• [WORK REQUEST] Beginning with the line that contains "Tutorial Hijab dengan", reproduce every line through the end of the records below exactly, and leave the pictures out.
──────── SUPPLIED MATERIAL ────────
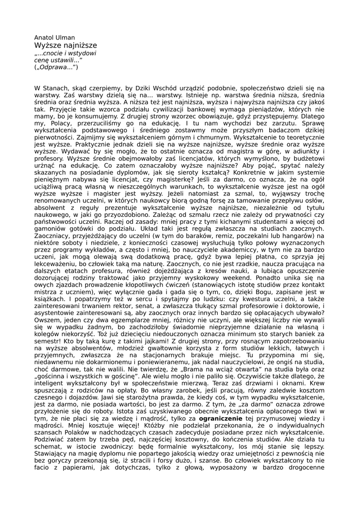Anatol Ulman Wyższe najniższe „...cnocie i wstydowi cenę ustawili...” („Odprawa...”) W Stanach, skąd czerpiemy, by Dziki Wschód urządzić podobnie, społeczeństwo dzieli się na warstwy. Zaś warstwy dzielą się na… warstwy. Istnieje np. warstwa średnia niższa, średnia średnia oraz średnia wyższa. A niższa też jest najniższa, wyższa i najwyższa najniższa czy jakoś tak. Przyjęcie takie wzorca podziału cywilizacji bankowej wymaga pieniądzów, których nie mamy, bo je konsumujemy. Z drugiej strony wzorzec obowiązuje, gdyż przystępujemy. Dlatego my, Polacy, przerzuciliśmy go na edukację. I tu nam wychodzi bez zarzutu. Sprawę wykształcenia podstawowego i średniego zostawmy może przyszłym badaczom dzikiej pierwotności. Zajmijmy się wykształceniem górnym i chmurnym. Wykształcenie to teoretycznie jest wyższe. Praktycznie jednak dzieli się na wyższe najniższe, wyższe średnie oraz wyższe wyższe. Wydawać by się mogło, że to ostatnie oznacza od magistra w górę, w adiunkty i profesory. Wyższe średnie obejmowałoby zaś licencjatów, których wymyślono, by budżetowi urżnąć na edukację. Co zatem oznaczałoby wyższe najniższe? Aby pojąć, spytać należy skazanych na posiadanie dyplomów, jak się sieroty kształcą? Konkretnie w jakim systemie pieniężnym nabywa się licencjat, czy magisterkę? Jeśli za darmo, co oznacza, że na ogół uciążliwą pracą własną w nieszczególnych warunkach, to wykształcenie wyższe jest na ogół wyższe wyższe i magister jest wyższy. Jeżeli natomiast za szmal, to, wyjąwszy trochę renomowanych uczelni, w których naukowcy biorą godną forsę za tamowanie przepływu osłów, absolwent z reguły prezentuje wykształcenie wyższe najniższe, niezależnie od tytułu naukowego, w jaki go przyozdobiono. Zależąc od szmalu rzecz nie zależy od prywatności czy państwowości uczelni. Raczej od zasady: mniej pracy z tymi kichanymi studentami a więcej od gamoniów gotówki do podziału. Układ taki jest regułą zwłaszcza na studiach zaocznych. Zaoczniacy, przyjeżdżający do uczelni (w tym do baraków, remiz, poczekalni lub hangarów) na niektóre soboty i niedziele, z konieczności czasowej wysłuchują tylko połowy wyznaczonych przez programy wykładów, a często i mniej, bo nauczyciele akademiccy, w tym nie za bardzo uczeni, jak mogą olewają swą dodatkową pracę, gdyż bywa lepiej płatna, co sprzyja jej lekceważeniu, bo człowiek taką ma naturę. Zaocznych, co nie jest rzadkie, naucza pracująca na dalszych etatach profesura, również dojeżdżająca z kresów nauki, a lubiąca opuszczenie dozorującej rodziny traktować jako przyjemny wyskokowy weekend. Ponadto unika się na owych zjazdach prowadzenie kłopotliwych ćwiczeń (stanowiących istotę studiów przez kontakt mistrza z uczniem), więc wyłącznie gada i gada się o tym, co, dzięki Bogu, zapisane jest w książkach. I popatrzymy też w sercu i spytajmy po ludzku: czy kwestura uczelni, a także zainteresowani trwaniem rektor, senat, a zwłaszcza tłukący szmal profesorowie i doktorowie, i asystentowie zainteresowani są, aby zaocznych oraz innych bardzo się opłacających ubywało? Owszem, jeden czy dwa egzemplarze mniej, różnicy nie uczyni, ale większej liczby nie wywali się w wypadku żadnym, bo zachodziłoby świadomie nieprzyjemne działanie na własną i kolegów niekorzyść. Toż już dziecięciu niedouczonych oznacza minimum sto starych baniek za semestr! Kto by taką kurę z takimi jajkami! Z drugiej strony, przy rosnącym zapotrzebowaniu na wyższe absolwentów, młodzież gwałtownie korzysta z form studiów lekkich, łatwych i przyjemnych, zwłaszcza że na stacjonarnych brakuje miejsc. Tu przypomina mi się, niedawnemu nie dokarmionemu i poniewieranemu, jak nadal nauczycielowi, że ongiś na studia, choć darmowe, tak nie walili. Nie twierdzę, że „Brama na wciąż otwarta” na studia była oraz „gościnna i wszystkich w gościnę”. Ale wielu mogło i nie paliło się. Oczywiście także dlatego, że inteligent wykształcony był w społeczeństwie mierzwą. Teraz zaś drzwiami i oknami. Krew spuszczają z rodziców na opłaty. Bo własny zarobek, jeśli pracują, równy zaledwie kosztom czesnego i dojazdów. Jawi się starożytna prawda, że kiedy coś, w tym wypadku wykształcenie, jest za darmo, nie posiada wartości, bo jest za darmo. Z tym, że „za darmo” oznacza zdrowe przyłożenie się do roboty. Istota zaś uzyskiwanego obecnie wykształcenia opłaconego tkwi w tym, że nie płaci się za wiedzę i mądrość, tylko za ograniczenie tej przymusowej wiedzy i mądrości. Mniej kosztuje więcej! Któżby nie podzielał przekonania, że o indywidualnych szansach Polaków w nadchodzących czasach zadecyduje posiadane przez nich wykształcenie. Podziwiać zatem by trzeba pęd, najczęściej kosztowny, do kończenia studiów. Ale działa tu schemat, w istocie zwodniczy: będę formalnie wykształcony, los mój stanie się lepszy. Stawiający na magię dyplomu nie popartego jakością wiedzy oraz umiejętności z pewnością nie bez goryczy przekonają się, iż stracili i forsy dużo, i szanse. Bo człowiek wykształcony to nie facio z papierami, jak dotychczas, tylko z głową, wyposażony w bardzo drogocenne właściwości, bo pracowity, zdolny do samodzielnego myślenia, twórczy, odpowiedzialny. A takich się w Polsce mało kształci, na studiach zaś pieniężnych w ogóle, bo tam przydzielają wyższe najniższe. Z tym wyższym najniższym wykształceniem to jest tak, jakby zidiociały od wykonywania przez całe życie rozkazów jakiś kapral ustawił armię w dwuszeregu i kazał równać do najniższego. Zatem nie tylko wojak średniego wzrostu ale drągal grenadier musiałby się skurczyć, bo życzenie przełożonego rzecz święta. Ten kapral w edukacji nazywa się szmal. Był taki niejaki rewolucjonista, zresztą kumpel Żeromskiego (pierwowzór Andrzeja Radka), który „
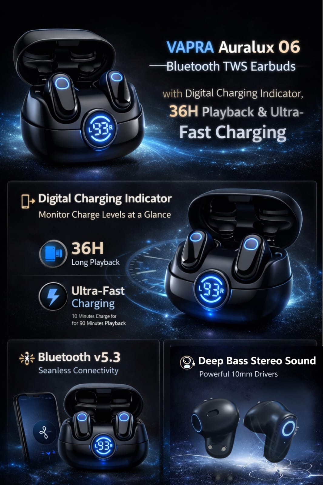 VAPRA Auralux 06 Bluetooth TWS Earbuds with Digital Charging Indicator, 36H Playback & Ultra-Fast Charging
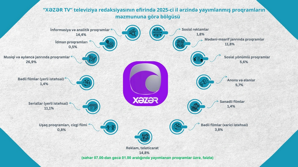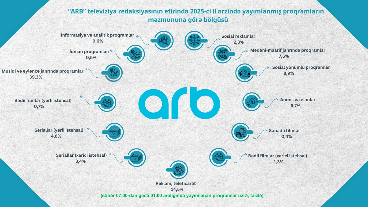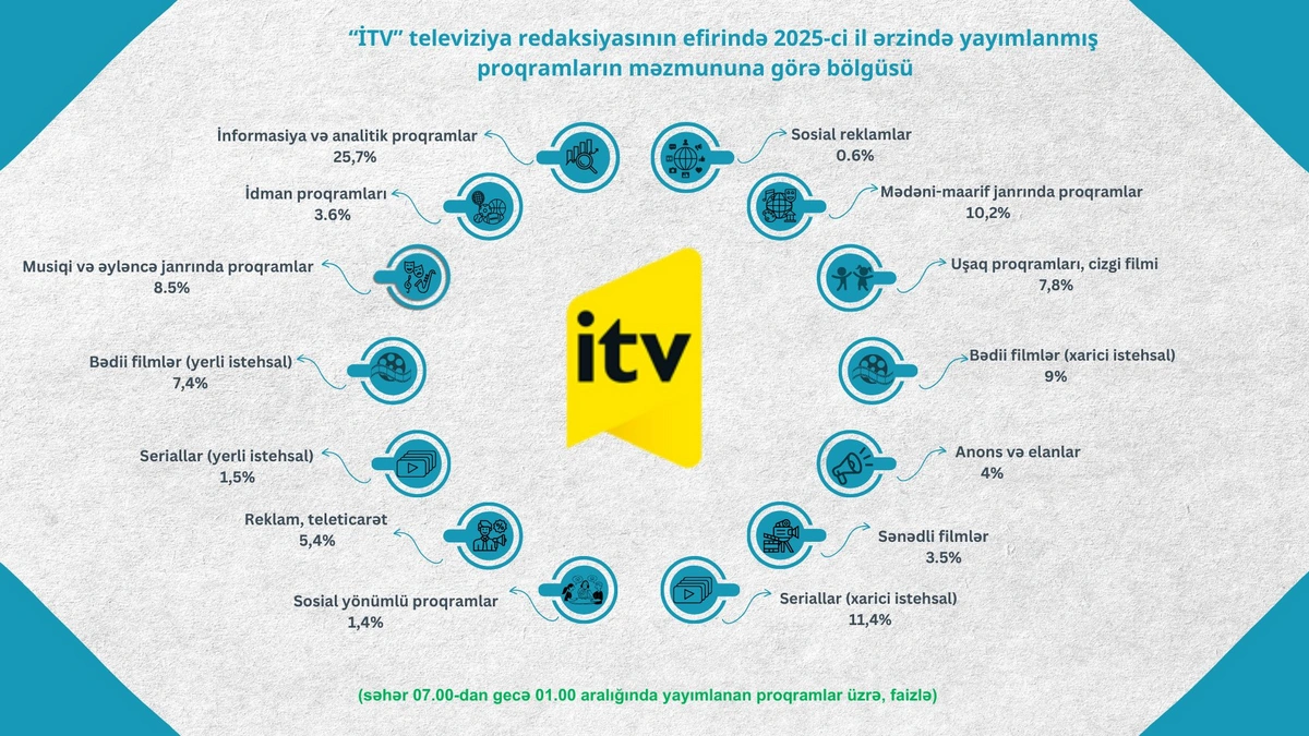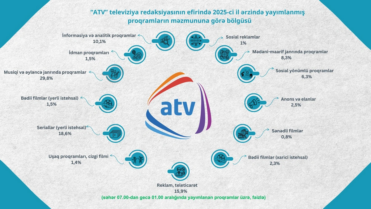 Azərbaycanda 2025-ci il üzrə ümumölkə yerüstü televiziya yayımçılarının proqramlarının janr bölgüsü açıqlanıb.
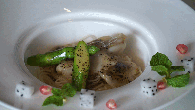 这道菜品中淮山和芦笋的色泽都非常漂亮,芦笋特别的绿,吃起来相当的脆爽,感觉非常的清香,一点软趴趴的感觉都没有。淮山还能吃到那独有的滑滑的口感。摆盘也是相当的精美。虾仁非常的大颗,而且非常新鲜,之所以那么新鲜是跟海游轩独特的食材采购渠道以及对于食材的尊重精神有关的。
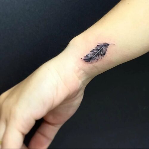 Минималистический стиль подразумевает простые, чистые линии и маленький размер татуировки. Тату пера в минималистическом стиле может быть очень элегантной и изящной, придавая запястью женственный и стильный вид.
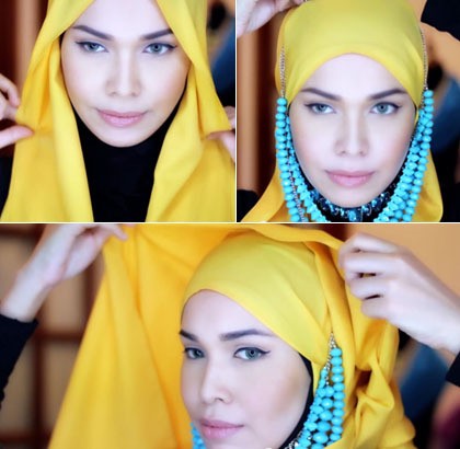 Tutorial Hijab dengan Kalung Terinspirasi Gaya Putri Arab
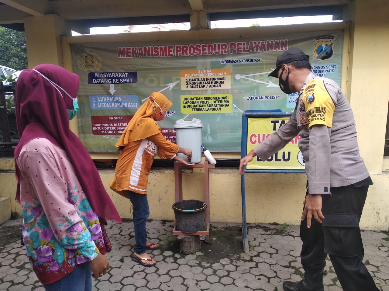 ” Disamping wajib mengenakan masker, kepada warga masyarakat yang berkunjung ke Kantor Polsek juga kita edukasi penerapan protokol kesehatan 5-M diantaranya dengan mencuci tangan, ” ucap Aiptu Febri yang tengah mengarahkan warga, Selasa (16/03/2021).
────────
• [WRITTEN RESPONSE]
 Tutorial Hijab dengan Kalung Terinspirasi Gaya Putri Arab
 ” Disamping wajib mengenakan masker, kepada warga masyarakat yang berkunjung ke Kantor Polsek juga kita edukasi penerapan protokol kesehatan 5-M diantaranya dengan mencuci tangan, ” ucap Aiptu Febri yang tengah mengarahkan warga, Selasa (16/03/2021).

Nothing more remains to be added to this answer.